[STORED DATA]
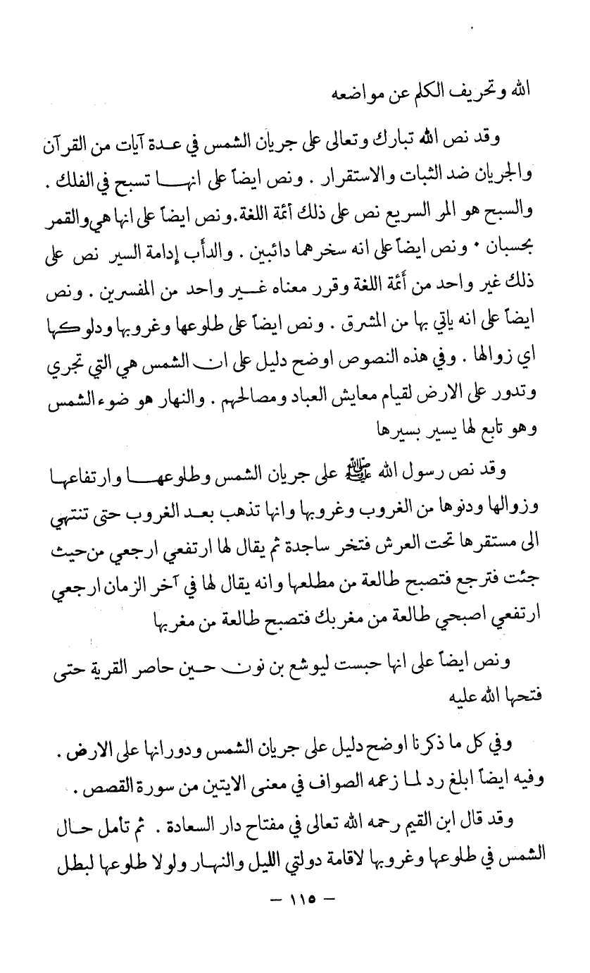 وقد نص الله تبارك وتعالى على جريان الشمس في عدة آيات من القرآن والجريان ضد الثبات والاستقرار، ونص أيضا على أنها تسبح في الفلك، والجريان ضد الثبات والاستقرار، ونص أيضا على أنها تسبح في الفلك، والسبح هو المر السريع نص على ذلك أئمة اللغة، ونص أيضا على أنها هي والقمر بحسبان، ونص أيضا على أنه سخرهما دائبين، والدأب إدامة السير، نص على ذلك غير واحد من أئمة اللغة، وقرر معناه غير واحد من المفسرين، ونص أيضا على أنه يأتي بها من المشرق، ونص أيضا على طلوعها وغروبها ودلوكها أي زوالها، وفي هذه النصوص أوضح دليل على أن الشمس هي التي تجري وتدور على الأرض لقيام معايش العباد ومصالحهم، والنهار هو ضوء الشمس وهو تابع لها يسير بسيرها.
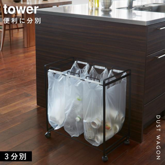 ゴミ箱 分別 キッチン タワー tower 山崎実業 レジ袋 ごみ箱 おしゃれ ダストボックス 分別ダストワゴン タワー キッチン 3分別
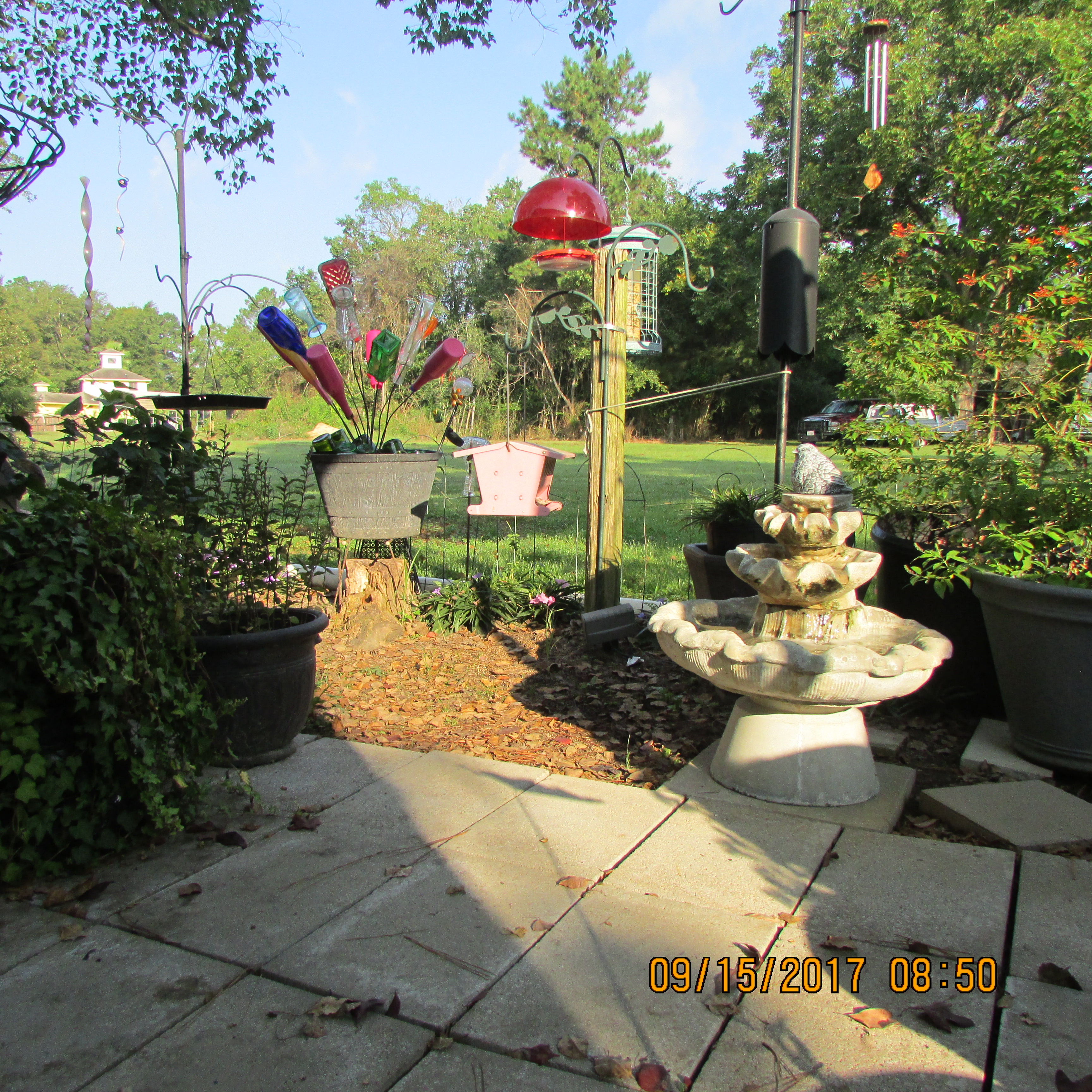 No Today today; no Today yesterday; no Today all week!! It is (was) my habit to start my day with the Today show. First thing each morning, turn on the TV. This week, quiet time on my patio with the birds and squirrels. Imagine me sitting in my rocking lawn chair with a cup of coffee (and Zing oatmeal chocolate-chip protein nutrition bar). I thought the “path of sunshine” was worth photographing (because I’m working on a “path to recovery” from overwhelming hurricane disaster). I sit on my patio and thank God for my many blessings!!

[TASK REQUIREMENTS]
When you reproduce the data shown above, keep each line exact and omit every picture.

[TASK SOLUTION]
 وقد نص الله تبارك وتعالى على جريان الشمس في عدة آيات من القرآن والجريان ضد الثبات والاستقرار، ونص أيضا على أنها تسبح في الفلك، والجريان ضد الثبات والاستقرار، ونص أيضا على أنها تسبح في الفلك، والسبح هو المر السريع نص على ذلك أئمة اللغة، ونص أيضا على أنها هي والقمر بحسبان، ونص أيضا على أنه سخرهما دائبين، والدأب إدامة السير، نص على ذلك غير واحد من أئمة اللغة، وقرر معناه غير واحد من المفسرين، ونص أيضا على أنه يأتي بها من المشرق، ونص أيضا على طلوعها وغروبها ودلوكها أي زوالها، وفي هذه النصوص أوضح دليل على أن الشمس هي التي تجري وتدور على الأرض لقيام معايش العباد ومصالحهم، والنهار هو ضوء الشمس وهو تابع لها يسير بسيرها.
 ゴミ箱 分別 キッチン タワー tower 山崎実業 レジ袋 ごみ箱 おしゃれ ダストボックス 分別ダストワゴン タワー キッチン 3分別
 No Today today; no Today yesterday; no Today all week!! It is (was) my habit to start my day with the Today show. First thing each morning, turn on the TV. This week, quiet time on my patio with the birds and squirrels. Imagine me sitting in my rocking lawn chair with a cup of coffee (and Zing oatmeal chocolate-chip protein nutrition bar). I thought the “path of sunshine” was worth photographing (because I’m working on a “path to recovery” from overwhelming hurricane disaster). I sit on my patio and thank God for my many blessings!!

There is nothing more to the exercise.